_EXERCISE DESCRIPTION:_ Would you copy the records exactly, leaving the pictures out?

[Items from a dataset]
--------------------

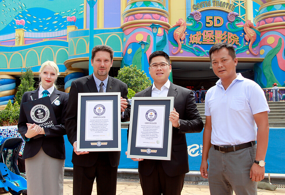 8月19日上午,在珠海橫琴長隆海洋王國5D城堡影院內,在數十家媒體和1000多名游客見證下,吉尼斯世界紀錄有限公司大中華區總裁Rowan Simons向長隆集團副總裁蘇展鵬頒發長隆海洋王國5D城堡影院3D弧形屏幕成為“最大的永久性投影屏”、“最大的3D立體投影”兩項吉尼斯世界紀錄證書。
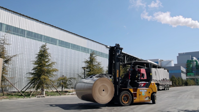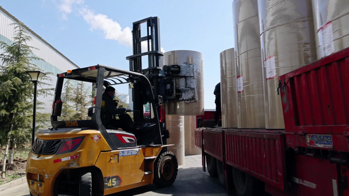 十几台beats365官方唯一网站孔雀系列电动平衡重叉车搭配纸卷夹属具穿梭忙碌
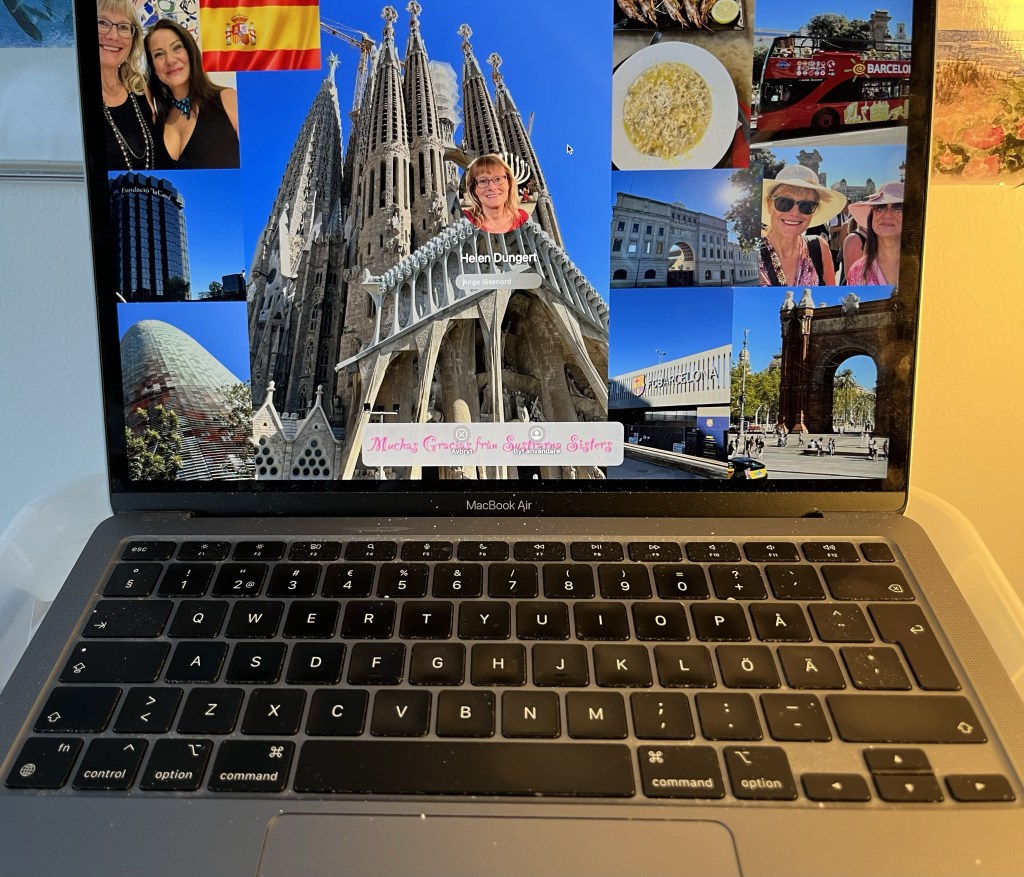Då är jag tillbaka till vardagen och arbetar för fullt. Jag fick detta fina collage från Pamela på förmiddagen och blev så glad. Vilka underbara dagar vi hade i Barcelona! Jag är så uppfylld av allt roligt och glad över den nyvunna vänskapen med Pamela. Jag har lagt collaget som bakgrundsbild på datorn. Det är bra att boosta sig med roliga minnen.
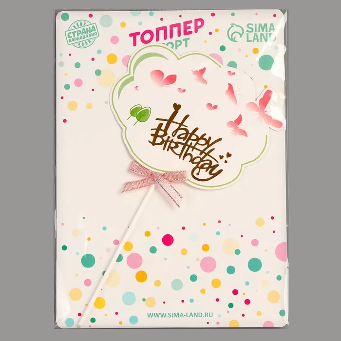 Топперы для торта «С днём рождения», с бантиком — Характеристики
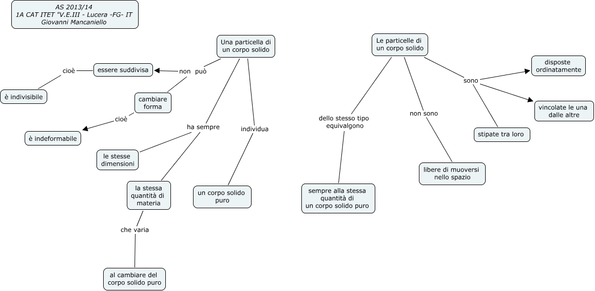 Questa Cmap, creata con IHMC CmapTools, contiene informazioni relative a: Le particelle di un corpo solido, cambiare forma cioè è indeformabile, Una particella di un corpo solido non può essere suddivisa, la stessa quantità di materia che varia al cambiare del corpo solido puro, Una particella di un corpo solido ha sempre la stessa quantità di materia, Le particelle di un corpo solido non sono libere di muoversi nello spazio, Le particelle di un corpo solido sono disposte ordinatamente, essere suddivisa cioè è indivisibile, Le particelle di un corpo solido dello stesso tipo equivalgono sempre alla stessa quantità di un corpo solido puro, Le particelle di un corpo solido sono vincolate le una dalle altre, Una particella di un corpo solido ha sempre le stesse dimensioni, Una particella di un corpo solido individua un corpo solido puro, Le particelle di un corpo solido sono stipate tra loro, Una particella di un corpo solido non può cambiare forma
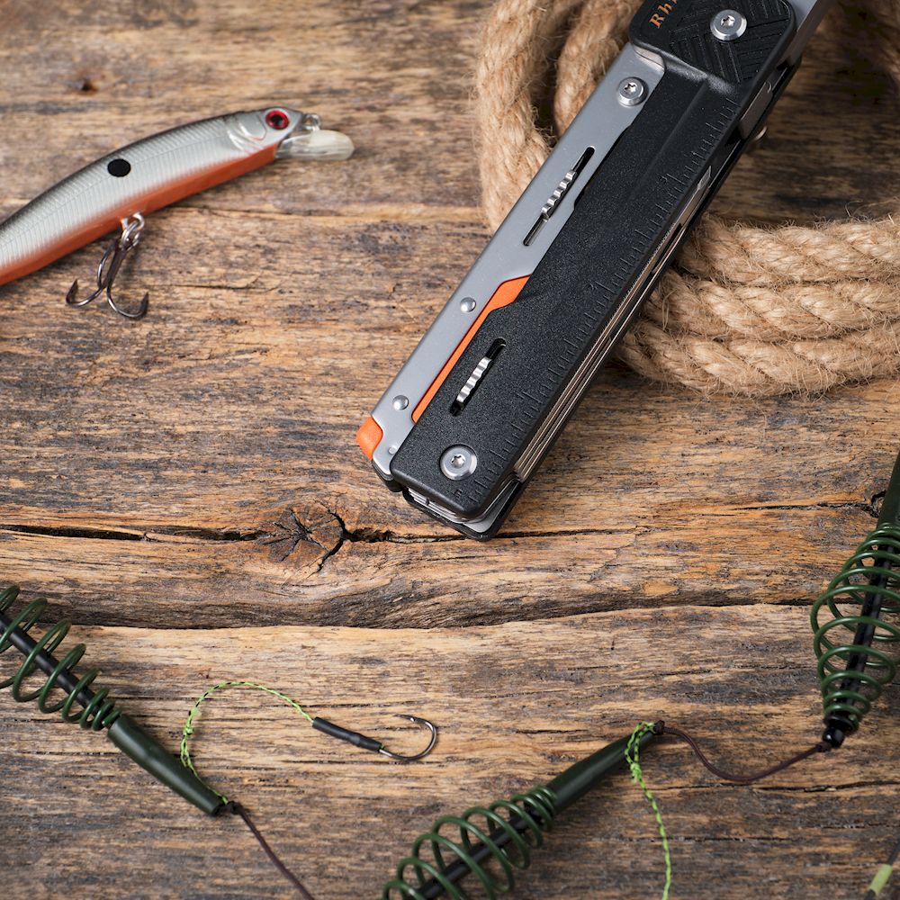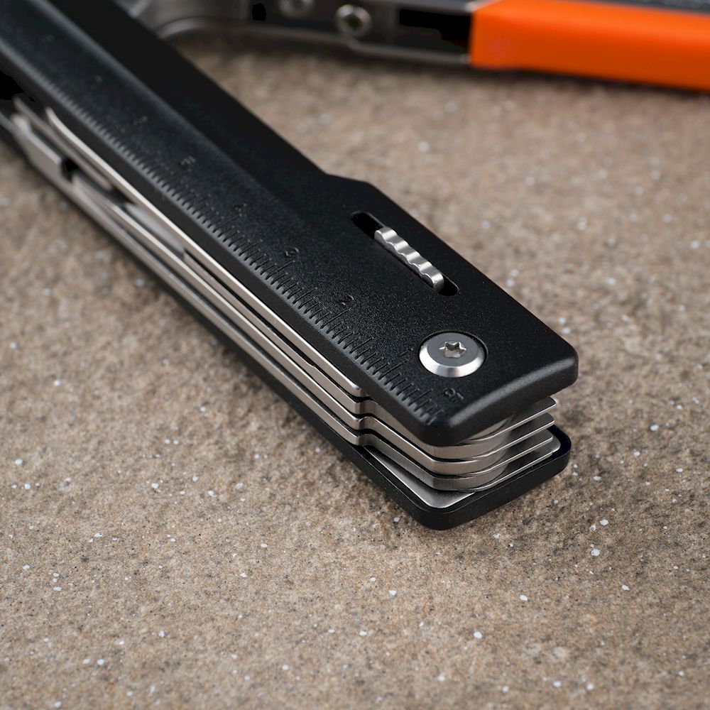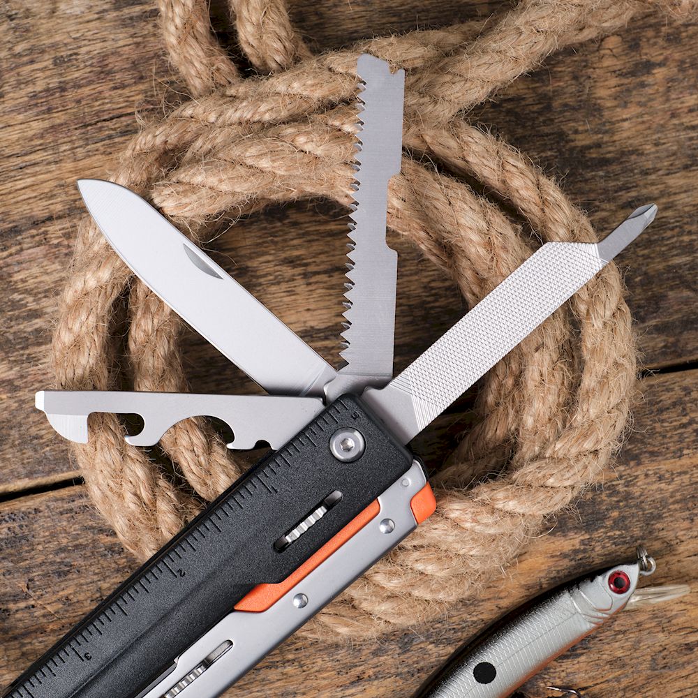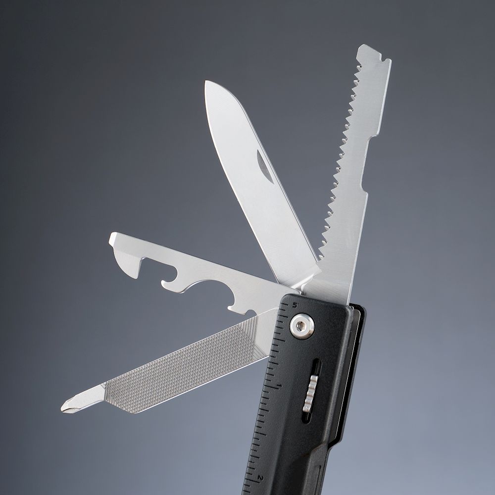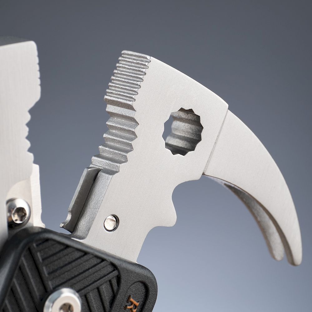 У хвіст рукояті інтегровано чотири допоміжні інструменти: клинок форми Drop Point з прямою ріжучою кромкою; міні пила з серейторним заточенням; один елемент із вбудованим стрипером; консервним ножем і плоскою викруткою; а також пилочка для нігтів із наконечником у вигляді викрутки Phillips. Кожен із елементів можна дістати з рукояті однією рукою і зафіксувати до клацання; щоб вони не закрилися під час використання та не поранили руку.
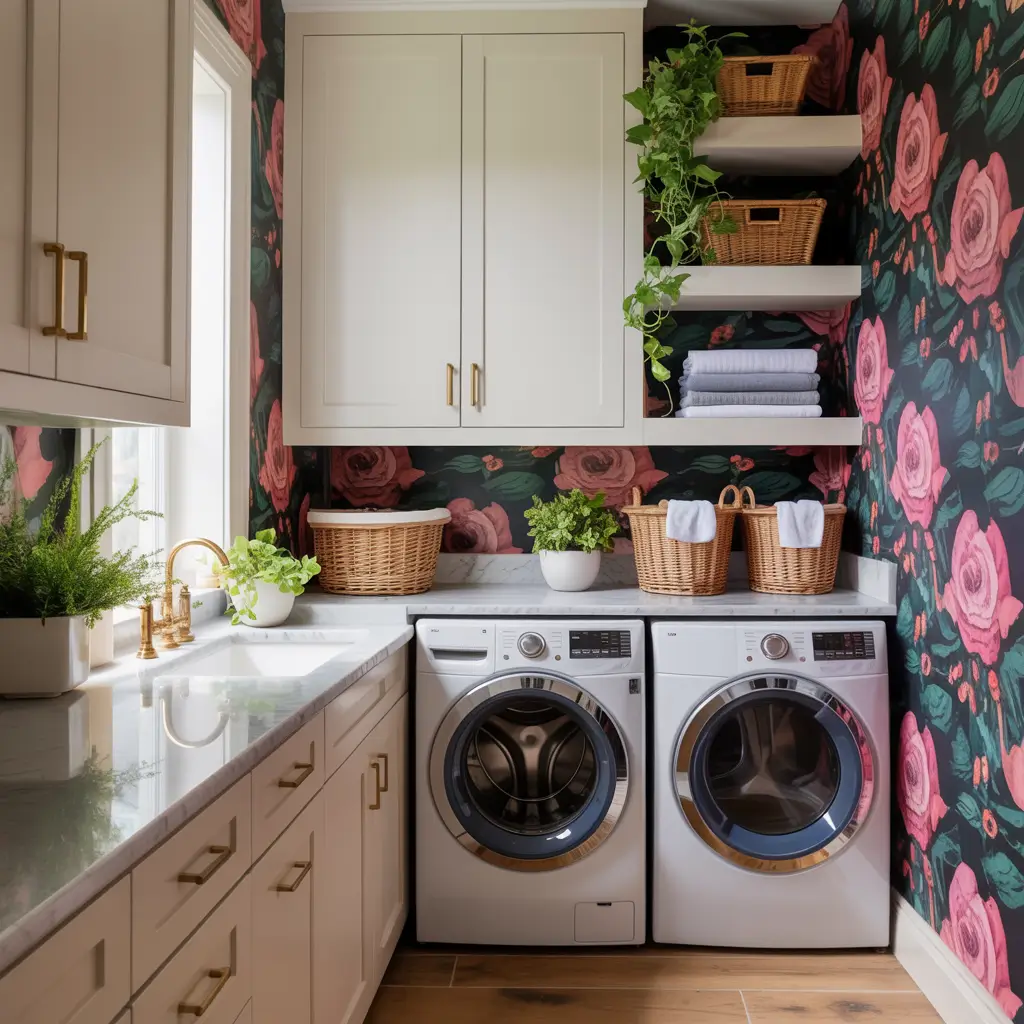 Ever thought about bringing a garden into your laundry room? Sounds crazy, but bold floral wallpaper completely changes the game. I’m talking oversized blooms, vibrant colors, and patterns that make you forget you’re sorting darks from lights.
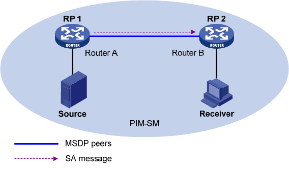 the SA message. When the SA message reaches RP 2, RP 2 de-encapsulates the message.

--------------------

_ANSWER TO THIS PROBLEM:_
 8月19日上午,在珠海橫琴長隆海洋王國5D城堡影院內,在數十家媒體和1000多名游客見證下,吉尼斯世界紀錄有限公司大中華區總裁Rowan Simons向長隆集團副總裁蘇展鵬頒發長隆海洋王國5D城堡影院3D弧形屏幕成為“最大的永久性投影屏”、“最大的3D立體投影”兩項吉尼斯世界紀錄證書。
 十几台beats365官方唯一网站孔雀系列电动平衡重叉车搭配纸卷夹属具穿梭忙碌
Då är jag tillbaka till vardagen och arbetar för fullt. Jag fick detta fina collage från Pamela på förmiddagen och blev så glad. Vilka underbara dagar vi hade i Barcelona! Jag är så uppfylld av allt roligt och glad över den nyvunna vänskapen med Pamela. Jag har lagt collaget som bakgrundsbild på datorn. Det är bra att boosta sig med roliga minnen.
 Топперы для торта «С днём рождения», с бантиком — Характеристики
 Questa Cmap, creata con IHMC CmapTools, contiene informazioni relative a: Le particelle di un corpo solido, cambiare forma cioè è indeformabile, Una particella di un corpo solido non può essere suddivisa, la stessa quantità di materia che varia al cambiare del corpo solido puro, Una particella di un corpo solido ha sempre la stessa quantità di materia, Le particelle di un corpo solido non sono libere di muoversi nello spazio, Le particelle di un corpo solido sono disposte ordinatamente, essere suddivisa cioè è indivisibile, Le particelle di un corpo solido dello stesso tipo equivalgono sempre alla stessa quantità di un corpo solido puro, Le particelle di un corpo solido sono vincolate le una dalle altre, Una particella di un corpo solido ha sempre le stesse dimensioni, Una particella di un corpo solido individua un corpo solido puro, Le particelle di un corpo solido sono stipate tra loro, Una particella di un corpo solido non può cambiare forma
 У хвіст рукояті інтегровано чотири допоміжні інструменти: клинок форми Drop Point з прямою ріжучою кромкою; міні пила з серейторним заточенням; один елемент із вбудованим стрипером; консервним ножем і плоскою викруткою; а також пилочка для нігтів із наконечником у вигляді викрутки Phillips. Кожен із елементів можна дістати з рукояті однією рукою і зафіксувати до клацання; щоб вони не закрилися під час використання та не поранили руку.
 Ever thought about bringing a garden into your laundry room? Sounds crazy, but bold floral wallpaper completely changes the game. I’m talking oversized blooms, vibrant colors, and patterns that make you forget you’re sorting darks from lights.
 the SA message. When the SA message reaches RP 2, RP 2 de-encapsulates the message.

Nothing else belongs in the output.